Concern-cao: geldt voor Philips en Shell
De meeste cao’s zijn minimum-cao’s; je mag hier niet naar beneden van afwijken, maar wel
naar boven. Als er sprake is van een standaard-cao dan mogen werkgever en werknemer
gunstigere noch ongunstige afspraken maken.
Als je wil weten onder welke cao een werknemer valt, moet je kijken naar de
werkingssfeer. → kijken naar het begrip ‘werkgever’.
Cao-bepalingen werken door in de arbeidsovereenkomsten als de werkgever en
werknemer beiden lid zijn van een contracterende cao partij. → dan zijn ze
gebonden. Ook moeten ze beide betrokken zijn, dus onder de werkingssfeer
passen.
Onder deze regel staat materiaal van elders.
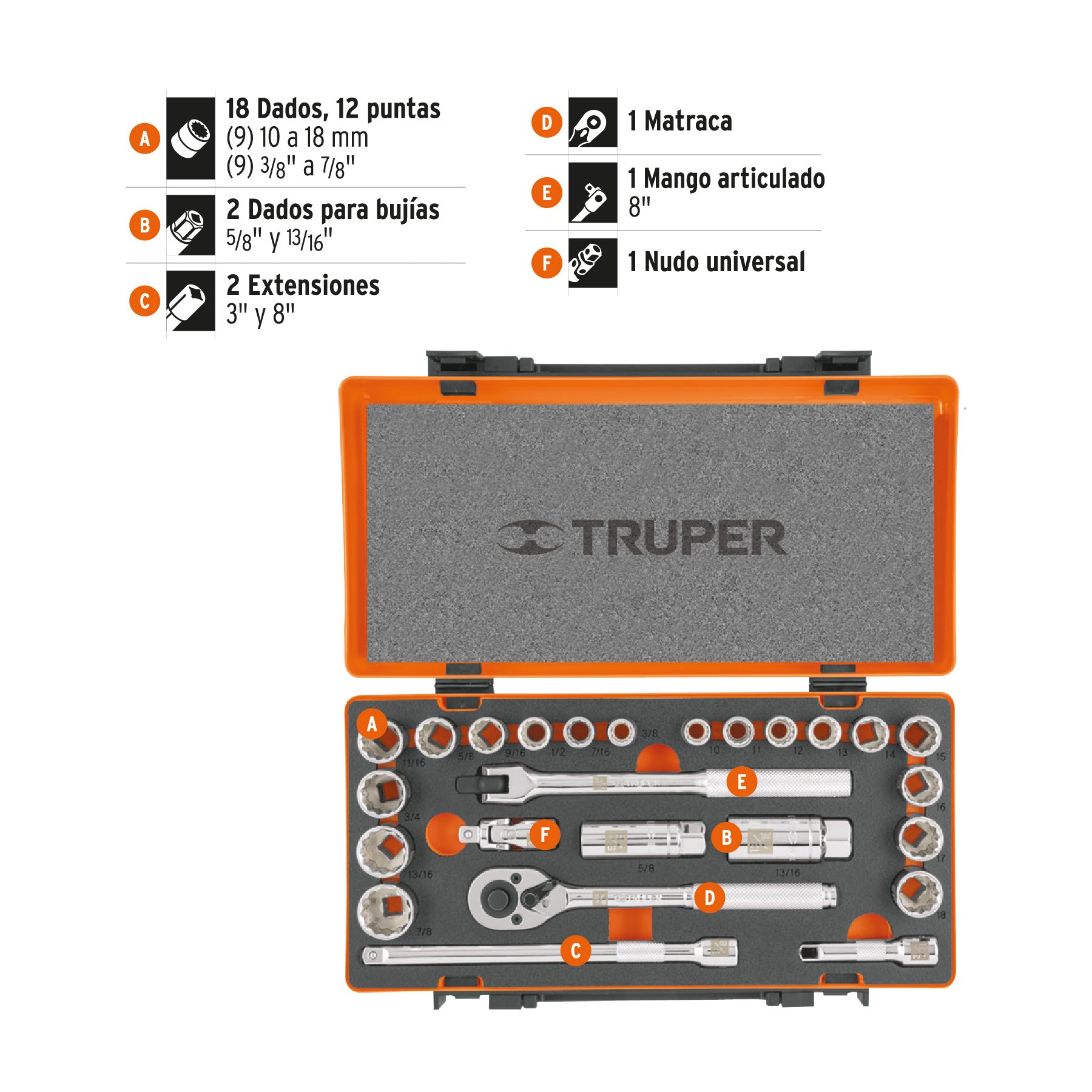 Juego de 25 herramientas cuadro 3/8" std y mm para mecánico

Als ze beide gebonden zijn maar iets afspreken wat in strijd is met de
cao, is dit nietig.
De looptijd van een cao ligt meestal tussen de één en twee jaar. Als de tijdsduur is
verstreken komt er een nieuwe. In de tussentijd geldt de oude. Nu kunnen de partijen weer
in overleg. Er geldt dus naleving van de oude cao.
De werkgever mag geen onderscheid maken tussen de werknemers, bijvoorbeeld of zij deel
uitmaken van een vakbond. Dit is een ‘artikel 14-werknemer’. Het verschil tussen een
gebonden werknemer en een artikel 14-werknemer is dat de artikel 14-werknemer geen
nakoming van de cao kan vorderen als de werkgever zich daar niet aan houdt, de gebonden
werknemers wel.
AVV
Een cao verbindt alleen de partijen die deze verbintenis zijn aangegaan. Dit kan nu niet
wegens de gebonden en niet-gebonden werkgevers. Partijen kunnen daarom aan de
minister vragen om de cao algemeen verbindend te verklaren. Het lidmaatschap is dan niet
meer van belang en de bepalingen gelden voor alle werkgever en werknemers. Het gevolg
van de AVV is dat vakbondsleden en niet-vakbondsleden zich kunne beroepen eop de cao
en de nakoming daarvan kunnen vorderen.
Dit wordt alleen verbindend verklaard als blijkt dat de werknemersvereniging
onafhankelijk van de werkgever heeft geopereerd en aan de
representativiteitseis is voldaan. Dit houdt in dat de minister controleert of de
cao wel genoeg werknemer binnen de bedrijfstak vertegenwoordigd. → Aantal
werknemers in dienst van de georganiseerde werkgevers : het totaal aantal
werknemers werkzaam in de bedrijfstak.
Niet-gebonden leden hoeven de cao niet na te werken. De oorspronkelijk geldende
voorwaarden herleven dan. Pas als die ge’avvd wordt, geldt die cao. Dan is er dus een cao-
,loze periode.
Bij overgang van de onderneming gaan alle rechten en verplichten mee over op de grond
van 662 BW.
Een incorporatiebeding is dat de individuele arbeidsovereenkomst de desbetreffende cao
met naam en toenaam daarop van toepassing wordt verklaard. De werknemer kan dan geen
naleving van de cao vorderen, maar wel van de arbeidsovereenkomst. Bij incorporatie is de
hele cao van toepassing, inclusief alle rechten en plichten.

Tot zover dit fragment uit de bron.